Byron510 wrote:Hi Hudson,

Sorry to hear you are in this predicament – what a PITA.

However, I can give you some advice while you have this apart. The bearings you buy will (likely) be sealed bearings – as in they have seals on both sides. You’ll notice the bearings you removes have no seals on the inner faces (which obviously face each other) in the area which has the sleeve. From the factory, this area was packed with wheel bearing grease.
I have done a number of wheel bearing exchanges over the years – but never twice on the same car. I have always emulated this factory procedure of not having the seals in place in the spacer area, and have always packed this area as the factory did.

Having said this, others have commented on this site over the years that they have left the seals in place and there for saw no need to pack this area with grease and have had no issues.

What I question is the longevity of the grease in a factory sealed bearing. There isn’t much in there. My thought have always been – well the first bearings lasted 45 years, why not emulate that installation as I’ll never be replacing them again in my lifetime!

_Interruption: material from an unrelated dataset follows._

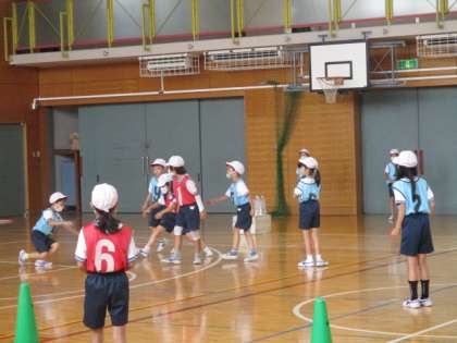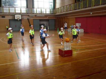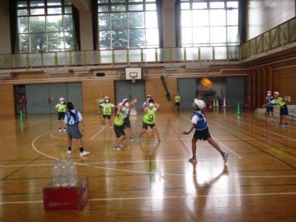 みんなで声を掛け合いながら、パスをつないで、ペットボトルをめがけて思い切りボールを投げていました。

Just FYI – hope it all works out for you, keep us posted.

Byron
I think we're in agreement here. The more grease, the better, as far as I'm concerned. In a location like this, this stuff is there to trap dirt and grime as much as it's there to lubricate. I wasn't aware, however, they were selling completely sealed bearings. The bearings I received are only sealed on one side, like the one in the picture above. Good to know, however. Thanks for all the help guys! Just a few more days to wait, not a big deal :)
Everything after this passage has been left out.